When a Phase B physical inspection returns outcome = cleared, record the MMSI in the cleared_vessels table. On the next scoring cycle, the vessel will be used as a hard negative in HDBSCAN and Isolation Forest training, lowering false positive rates for similar vessels.

# Add a cleared vessel (replace values as appropriate)
duckdb data/processed/singapore.duckdb << 'SQL'
INSERT INTO cleared_vessels (mmsi, cleared_by, investigation_id, notes)
VALUES ('123456789', 'officer_kim', 'INV-2026-042',
        'Boarded 2026-04-15; IMO confirmed, cargo documents valid');
SQL

Output files

File Description
data/processed/<region>.duckdb All ingested and computed data for the region
data/processed/<region>_causal_effects.parquet C3 causal model per-regime ATT estimates
data/processed/composite_scores.parquet Full scored vessel frame (all vessels)
data/processed/candidate_watchlist.parquet Top candidates, sorted by confidence
data/processed/validation_metrics.json Precision@50, Recall@200, AUROC
data/processed/review_feedback_evaluation.json Tier-aware metrics and threshold recommendations
data/processed/backtracking_report.json Delayed-label intelligence loop report
data/processed/backtracking_report.md Human-readable backtracking summary

Troubleshooting

Step 3 (AIS stream) — 0 rows inserted Check AISSTREAM_API_KEY in .env and verify the bounding box covers an area with vessel traffic.

Step 5 (Ownership graph) — vessel_registry fails Run uv run python src/ingest/vessel_registry.py --db <db_path> to rebuild the Lance Graph datasets manually.
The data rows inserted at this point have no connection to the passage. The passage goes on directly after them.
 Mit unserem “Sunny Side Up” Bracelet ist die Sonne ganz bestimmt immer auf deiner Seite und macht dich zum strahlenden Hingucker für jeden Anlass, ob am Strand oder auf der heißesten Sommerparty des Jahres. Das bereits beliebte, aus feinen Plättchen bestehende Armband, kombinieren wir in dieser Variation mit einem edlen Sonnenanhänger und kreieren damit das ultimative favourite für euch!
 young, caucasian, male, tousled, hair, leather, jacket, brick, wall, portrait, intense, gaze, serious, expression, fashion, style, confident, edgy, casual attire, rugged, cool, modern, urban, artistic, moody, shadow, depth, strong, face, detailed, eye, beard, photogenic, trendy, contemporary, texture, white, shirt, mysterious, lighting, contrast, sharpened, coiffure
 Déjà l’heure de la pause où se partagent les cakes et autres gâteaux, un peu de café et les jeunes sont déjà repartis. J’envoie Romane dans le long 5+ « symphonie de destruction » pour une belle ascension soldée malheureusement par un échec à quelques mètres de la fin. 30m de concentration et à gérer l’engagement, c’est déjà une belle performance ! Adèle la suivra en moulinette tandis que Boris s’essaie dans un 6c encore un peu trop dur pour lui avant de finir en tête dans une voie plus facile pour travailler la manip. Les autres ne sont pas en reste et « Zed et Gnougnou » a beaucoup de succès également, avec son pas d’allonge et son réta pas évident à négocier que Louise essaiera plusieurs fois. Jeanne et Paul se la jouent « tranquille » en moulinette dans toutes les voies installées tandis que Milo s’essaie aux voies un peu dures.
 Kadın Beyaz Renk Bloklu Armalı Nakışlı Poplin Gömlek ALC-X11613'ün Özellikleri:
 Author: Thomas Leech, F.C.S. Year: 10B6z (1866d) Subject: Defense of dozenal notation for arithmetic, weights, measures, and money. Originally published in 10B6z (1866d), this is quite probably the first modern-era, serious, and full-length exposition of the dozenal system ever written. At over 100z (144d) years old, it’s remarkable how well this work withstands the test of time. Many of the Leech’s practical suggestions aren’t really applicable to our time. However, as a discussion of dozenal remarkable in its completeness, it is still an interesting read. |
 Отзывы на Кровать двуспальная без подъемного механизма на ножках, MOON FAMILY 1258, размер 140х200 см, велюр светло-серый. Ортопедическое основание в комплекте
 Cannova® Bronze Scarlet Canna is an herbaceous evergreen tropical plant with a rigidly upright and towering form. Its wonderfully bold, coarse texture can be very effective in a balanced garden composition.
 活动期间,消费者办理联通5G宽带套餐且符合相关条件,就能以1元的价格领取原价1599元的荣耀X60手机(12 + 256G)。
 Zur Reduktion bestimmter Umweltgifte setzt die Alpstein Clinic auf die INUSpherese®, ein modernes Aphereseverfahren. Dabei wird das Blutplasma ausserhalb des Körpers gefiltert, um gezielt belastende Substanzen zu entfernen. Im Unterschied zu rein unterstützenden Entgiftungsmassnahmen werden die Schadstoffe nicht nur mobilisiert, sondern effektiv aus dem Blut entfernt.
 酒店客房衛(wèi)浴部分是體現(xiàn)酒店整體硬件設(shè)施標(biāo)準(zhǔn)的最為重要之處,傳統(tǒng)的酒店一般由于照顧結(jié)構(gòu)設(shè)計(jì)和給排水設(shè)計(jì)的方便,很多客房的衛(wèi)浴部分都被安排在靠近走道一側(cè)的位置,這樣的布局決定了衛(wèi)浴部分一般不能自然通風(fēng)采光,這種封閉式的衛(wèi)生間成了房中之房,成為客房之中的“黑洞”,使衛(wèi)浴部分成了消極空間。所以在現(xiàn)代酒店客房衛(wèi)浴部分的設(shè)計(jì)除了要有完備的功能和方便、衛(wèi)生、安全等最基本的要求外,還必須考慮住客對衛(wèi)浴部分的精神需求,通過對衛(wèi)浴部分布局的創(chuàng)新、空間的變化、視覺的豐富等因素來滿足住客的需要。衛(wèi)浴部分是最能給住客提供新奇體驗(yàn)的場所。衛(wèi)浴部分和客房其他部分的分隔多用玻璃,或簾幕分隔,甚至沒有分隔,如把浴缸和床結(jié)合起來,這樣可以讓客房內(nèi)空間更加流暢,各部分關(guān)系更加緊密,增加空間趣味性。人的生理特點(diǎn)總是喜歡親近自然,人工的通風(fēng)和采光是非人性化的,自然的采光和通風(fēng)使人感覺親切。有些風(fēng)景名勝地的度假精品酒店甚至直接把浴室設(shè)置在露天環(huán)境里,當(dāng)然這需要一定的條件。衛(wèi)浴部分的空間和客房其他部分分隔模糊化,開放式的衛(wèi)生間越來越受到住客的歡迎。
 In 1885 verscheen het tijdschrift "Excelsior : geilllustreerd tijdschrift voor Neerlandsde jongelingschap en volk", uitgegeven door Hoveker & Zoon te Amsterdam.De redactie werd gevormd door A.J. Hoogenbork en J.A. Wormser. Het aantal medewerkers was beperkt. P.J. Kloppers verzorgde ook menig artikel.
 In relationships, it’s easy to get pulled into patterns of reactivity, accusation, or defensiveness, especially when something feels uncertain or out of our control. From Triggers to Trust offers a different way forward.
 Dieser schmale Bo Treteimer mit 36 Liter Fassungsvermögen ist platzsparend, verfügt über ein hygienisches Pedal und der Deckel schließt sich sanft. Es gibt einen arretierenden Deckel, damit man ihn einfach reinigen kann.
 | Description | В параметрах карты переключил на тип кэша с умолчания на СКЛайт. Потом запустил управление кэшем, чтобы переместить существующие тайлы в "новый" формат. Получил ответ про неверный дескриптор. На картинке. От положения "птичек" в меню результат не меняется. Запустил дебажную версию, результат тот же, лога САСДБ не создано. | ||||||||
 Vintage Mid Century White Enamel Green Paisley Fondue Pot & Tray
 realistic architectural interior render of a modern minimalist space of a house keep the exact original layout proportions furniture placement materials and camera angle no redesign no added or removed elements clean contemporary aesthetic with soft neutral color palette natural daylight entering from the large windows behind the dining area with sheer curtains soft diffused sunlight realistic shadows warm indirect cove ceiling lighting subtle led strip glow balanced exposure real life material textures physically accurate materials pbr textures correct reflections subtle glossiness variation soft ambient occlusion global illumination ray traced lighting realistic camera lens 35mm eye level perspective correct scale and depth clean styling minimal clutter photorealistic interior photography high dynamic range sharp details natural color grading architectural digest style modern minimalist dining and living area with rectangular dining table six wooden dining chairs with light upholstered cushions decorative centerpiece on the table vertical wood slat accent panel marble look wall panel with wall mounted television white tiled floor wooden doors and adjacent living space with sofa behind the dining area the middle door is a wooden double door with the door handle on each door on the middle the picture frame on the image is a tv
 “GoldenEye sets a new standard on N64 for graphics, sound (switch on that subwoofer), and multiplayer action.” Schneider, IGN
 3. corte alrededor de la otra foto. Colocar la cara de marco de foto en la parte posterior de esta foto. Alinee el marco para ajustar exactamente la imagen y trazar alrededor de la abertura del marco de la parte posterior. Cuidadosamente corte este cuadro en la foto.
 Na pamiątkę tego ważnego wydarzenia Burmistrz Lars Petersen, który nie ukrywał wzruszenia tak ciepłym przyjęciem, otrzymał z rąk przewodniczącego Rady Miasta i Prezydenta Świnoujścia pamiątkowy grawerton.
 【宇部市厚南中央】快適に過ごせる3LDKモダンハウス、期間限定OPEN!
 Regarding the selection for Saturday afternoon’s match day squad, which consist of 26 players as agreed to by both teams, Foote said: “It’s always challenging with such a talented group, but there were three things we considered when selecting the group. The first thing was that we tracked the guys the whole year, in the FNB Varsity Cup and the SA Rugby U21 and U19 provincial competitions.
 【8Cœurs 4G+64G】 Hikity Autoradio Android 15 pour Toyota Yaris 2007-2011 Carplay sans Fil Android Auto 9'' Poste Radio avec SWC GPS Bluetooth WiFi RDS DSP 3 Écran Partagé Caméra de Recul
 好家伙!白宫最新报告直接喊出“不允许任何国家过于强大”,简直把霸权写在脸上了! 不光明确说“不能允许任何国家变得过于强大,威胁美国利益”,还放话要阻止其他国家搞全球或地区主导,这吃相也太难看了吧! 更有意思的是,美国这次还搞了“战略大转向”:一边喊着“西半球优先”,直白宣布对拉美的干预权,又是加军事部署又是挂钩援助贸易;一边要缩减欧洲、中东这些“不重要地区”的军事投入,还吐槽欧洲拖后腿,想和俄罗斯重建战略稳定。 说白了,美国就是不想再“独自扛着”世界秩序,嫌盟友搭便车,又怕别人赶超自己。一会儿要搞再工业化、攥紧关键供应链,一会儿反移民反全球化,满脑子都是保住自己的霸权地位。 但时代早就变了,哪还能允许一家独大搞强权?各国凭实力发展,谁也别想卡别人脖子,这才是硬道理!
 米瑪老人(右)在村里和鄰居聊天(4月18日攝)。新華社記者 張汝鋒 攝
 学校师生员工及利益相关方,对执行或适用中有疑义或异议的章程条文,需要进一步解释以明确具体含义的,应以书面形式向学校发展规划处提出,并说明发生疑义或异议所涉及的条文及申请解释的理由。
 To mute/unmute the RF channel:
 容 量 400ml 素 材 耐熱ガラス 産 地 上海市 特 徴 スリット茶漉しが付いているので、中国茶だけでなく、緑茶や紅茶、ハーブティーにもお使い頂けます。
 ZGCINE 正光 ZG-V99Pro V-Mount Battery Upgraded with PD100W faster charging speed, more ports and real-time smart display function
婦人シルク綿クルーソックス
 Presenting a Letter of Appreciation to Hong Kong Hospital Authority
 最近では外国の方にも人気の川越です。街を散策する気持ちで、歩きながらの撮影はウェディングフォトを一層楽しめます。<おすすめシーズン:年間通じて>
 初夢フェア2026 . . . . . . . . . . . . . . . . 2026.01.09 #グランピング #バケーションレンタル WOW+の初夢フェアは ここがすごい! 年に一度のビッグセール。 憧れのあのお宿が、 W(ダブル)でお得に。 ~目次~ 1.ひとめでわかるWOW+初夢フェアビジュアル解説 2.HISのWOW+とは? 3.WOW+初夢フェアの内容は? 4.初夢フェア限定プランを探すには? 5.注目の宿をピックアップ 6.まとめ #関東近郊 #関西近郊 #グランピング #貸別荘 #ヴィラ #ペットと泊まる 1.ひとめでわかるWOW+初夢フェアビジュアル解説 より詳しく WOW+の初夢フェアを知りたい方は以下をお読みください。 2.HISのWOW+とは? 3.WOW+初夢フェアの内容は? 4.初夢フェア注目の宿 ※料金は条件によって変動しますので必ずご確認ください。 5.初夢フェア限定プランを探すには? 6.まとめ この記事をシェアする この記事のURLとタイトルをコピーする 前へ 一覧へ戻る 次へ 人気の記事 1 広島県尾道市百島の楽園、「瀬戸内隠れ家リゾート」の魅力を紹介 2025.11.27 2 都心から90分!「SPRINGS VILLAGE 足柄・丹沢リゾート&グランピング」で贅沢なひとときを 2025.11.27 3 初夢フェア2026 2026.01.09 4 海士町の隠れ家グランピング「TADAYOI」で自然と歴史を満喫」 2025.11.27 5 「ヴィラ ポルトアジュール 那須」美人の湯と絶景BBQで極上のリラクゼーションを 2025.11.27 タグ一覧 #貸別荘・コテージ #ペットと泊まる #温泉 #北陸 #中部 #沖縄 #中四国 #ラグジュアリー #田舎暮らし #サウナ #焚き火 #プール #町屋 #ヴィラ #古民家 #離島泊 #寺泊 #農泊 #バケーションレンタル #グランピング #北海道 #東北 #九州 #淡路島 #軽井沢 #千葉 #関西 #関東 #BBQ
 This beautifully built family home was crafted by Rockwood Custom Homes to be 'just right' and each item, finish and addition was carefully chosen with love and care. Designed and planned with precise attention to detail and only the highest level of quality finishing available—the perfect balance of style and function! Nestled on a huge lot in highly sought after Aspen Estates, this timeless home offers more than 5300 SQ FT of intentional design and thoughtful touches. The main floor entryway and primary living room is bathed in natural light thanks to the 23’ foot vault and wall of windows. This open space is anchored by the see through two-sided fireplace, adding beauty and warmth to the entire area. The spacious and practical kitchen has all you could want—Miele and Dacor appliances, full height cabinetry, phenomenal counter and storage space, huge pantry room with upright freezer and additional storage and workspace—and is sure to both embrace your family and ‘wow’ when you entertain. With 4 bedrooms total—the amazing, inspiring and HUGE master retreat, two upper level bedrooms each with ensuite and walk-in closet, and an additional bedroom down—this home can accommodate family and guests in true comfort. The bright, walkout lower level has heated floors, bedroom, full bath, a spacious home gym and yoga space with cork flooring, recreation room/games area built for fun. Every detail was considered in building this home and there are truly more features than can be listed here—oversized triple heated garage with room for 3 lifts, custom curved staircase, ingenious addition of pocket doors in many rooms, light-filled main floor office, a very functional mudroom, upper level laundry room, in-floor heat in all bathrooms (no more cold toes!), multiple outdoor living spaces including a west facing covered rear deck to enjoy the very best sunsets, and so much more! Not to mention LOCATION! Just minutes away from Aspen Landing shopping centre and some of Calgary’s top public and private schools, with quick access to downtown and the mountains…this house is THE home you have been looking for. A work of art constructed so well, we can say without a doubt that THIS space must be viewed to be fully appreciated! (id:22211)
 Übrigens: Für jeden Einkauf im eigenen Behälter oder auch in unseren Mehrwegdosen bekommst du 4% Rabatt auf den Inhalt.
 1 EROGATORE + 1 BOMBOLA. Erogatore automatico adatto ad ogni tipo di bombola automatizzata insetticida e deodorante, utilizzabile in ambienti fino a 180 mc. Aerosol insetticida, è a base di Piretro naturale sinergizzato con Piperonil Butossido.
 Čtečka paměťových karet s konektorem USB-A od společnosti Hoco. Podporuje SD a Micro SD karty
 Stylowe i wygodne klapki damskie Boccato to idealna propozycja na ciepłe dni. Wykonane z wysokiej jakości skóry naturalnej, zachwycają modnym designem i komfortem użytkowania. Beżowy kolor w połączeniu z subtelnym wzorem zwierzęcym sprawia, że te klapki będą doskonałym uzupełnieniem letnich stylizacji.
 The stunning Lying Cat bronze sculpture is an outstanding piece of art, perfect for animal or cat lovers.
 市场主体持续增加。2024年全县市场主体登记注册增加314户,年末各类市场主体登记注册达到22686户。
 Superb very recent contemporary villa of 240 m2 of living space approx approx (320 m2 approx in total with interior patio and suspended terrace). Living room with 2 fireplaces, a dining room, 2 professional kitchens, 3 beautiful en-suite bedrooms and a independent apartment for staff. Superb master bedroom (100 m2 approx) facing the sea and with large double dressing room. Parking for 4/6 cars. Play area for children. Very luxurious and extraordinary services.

Alternatively, pass --skip-graph to build_matrix.py to run without graph features (graph features default to safe values).

Step 7 (Scoring) — composite returns empty DataFrame vessel_features is empty. Re-run step 6 (feature engineering) and confirm build_matrix.py completed without errors.

Dashboard shows no vessels Confirm WATCHLIST_OUTPUT_PATH points to the correct parquet file and that it contains rows (polars.read_parquet(path).height > 0).